Continuando a falar das vozes femininas do Fado, existem outras grandes fadistas, que construíram e constroem, carreiras de grande mediatismo e sucesso. De Mariza a Berta Cardoso, de Ana Moura a Anita Guerreiro, de Ada de Castro a Ana Sofia Varela, de Alexandra a Aldina Duarte, de Argentina Santos a Beatriz da Conceição, de Celeste Rodrigues a Carminho, de Cidália Moreira a Cristina Branco, de Cuca Roseta a Deolinda Rodrigues, de Dulce Pontes a Ercília Costa, de Fernanda Maria a Fábia Rebordão, de Fernanda Baptista a Fernanda Peres, de Florência a Gisela João, de Helena Tavares a Rute Soares, de Hermínia Silvia a Lenita Gentil, de Mafalda Arnouth a Joana Amendoeira, de Lucília do Carmo a Katia Guerreiro, de Maria Albertina a Maria Amélia Proença, de Maria Armanda a Maria Ana Bobone, de Maria Clara a Maria da Fé, de Maria da Nazaré a Maria de Lurdes Resende, de Maria Teresa de Noronha a Maria Valejo, de Mísia a Natércia Maria, de Teresa Siqueira a Raquel Tavares, de Teresa Tapadas a Sandra Correia, de Teresa Tarouca a Yolanda Soares, de Anabela a Ana Pinhal e tantas outras vozes.

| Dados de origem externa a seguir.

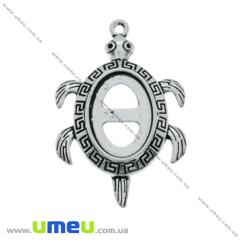 Основа овальна Черепаха, 41х28 мм, 18х13 мм, Античне срібло (OSN-020068) / 1 шт
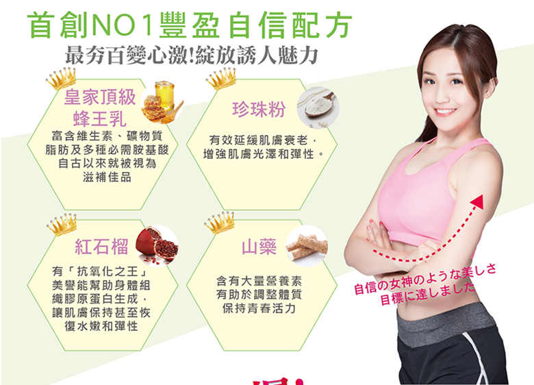 ◆成 份: 泰國葛根、蜂王乳、大豆抽出物(含異黃酮)、鹿茸、王不留行、紅花苜蓿、紅景天、當歸、淮山、植物性膠囊、水、二氧化鈦

É neste enquadramento histórico, cultural, social e humano, que o Fado se tem enquadrado na cultura Portuguesa, e na música do mundo. É também com o propósito de continuar a mostrar a quem visita Lisboa, percorre o Chiado, e descobre os monumentos da cidade das sete colinas, que o “Fado in Chiado”, apresenta os sons e as vozes, que partilham as emoções, de quem canta a alma de fado no chiado, um povo, e grita as emoções de uma nação, que gosta de sentir saudade!

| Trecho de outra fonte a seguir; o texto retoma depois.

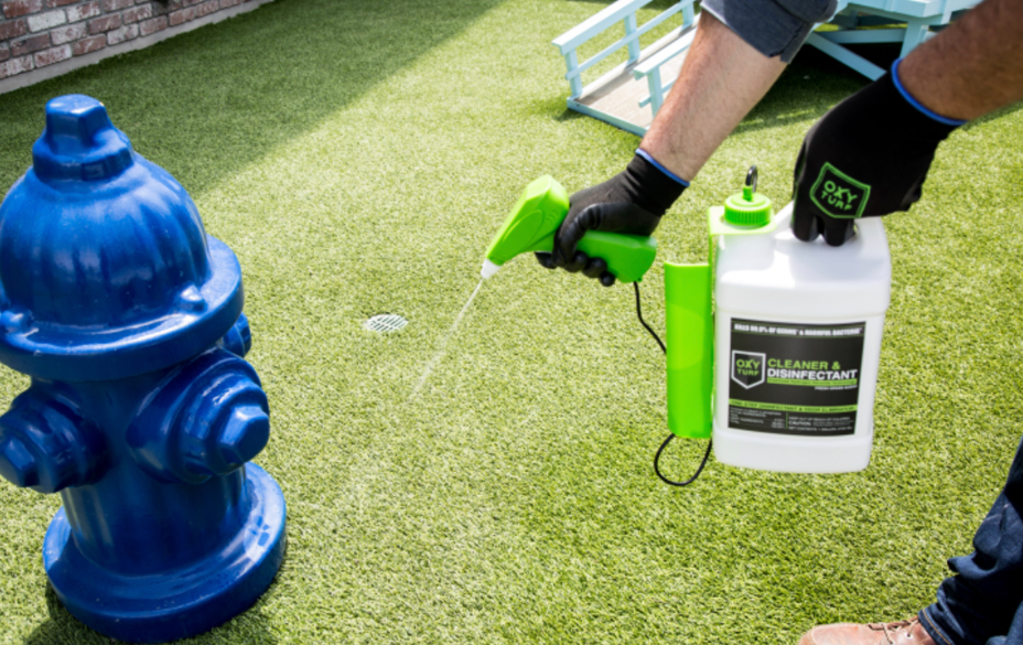 It is the only EPA-registered, one-step, ready-touse, non-toxic, synthetic turf disinfectant & cleaner with Hydrogen Peroxide and the scent of Fresh Real Grass! We partnered with renowned chemists to develop a health conscious, environmentally friendly product that is proven effective.
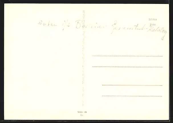 Personenbezogene Daten auf der Rückseite der Karte wurden durch blauen Textmarker unkenntlich gemacht. Die blauen Stellen sind auf die Vorderseite durchgeweicht und wirken sich negativ auf das Postkartenfoto aus

Enquadrar o Fado, nas melhores experiências que Portugal tem, é também afirmar, que visitar Lisboa ou Porto, e não assistir a um concerto ao vivo de Fado, é ficar culturalmente diminuído. Em Lisboa, podemos provar o pastel de Belém, visitar a Torre de Belém ou o Mosteiro dos Jerónimos, andar na carreira do elétrico 28, passear pelo Bairro Alto, Alfama, Mouraria ou  Madragoa, ver a Sé e o Castelo de São Jorge, e dar um pulinho aos miradouros da cidade banhada pelo rio Tejo, mas todos esses percursos, experiências e desafios, devem culminar com uma audição de Fado ao vivo, e claro, no “Fado in Chiado”, aberto de segunda a sábado, com uma sessão permanente às 19.00h e com duração de 50 minutos.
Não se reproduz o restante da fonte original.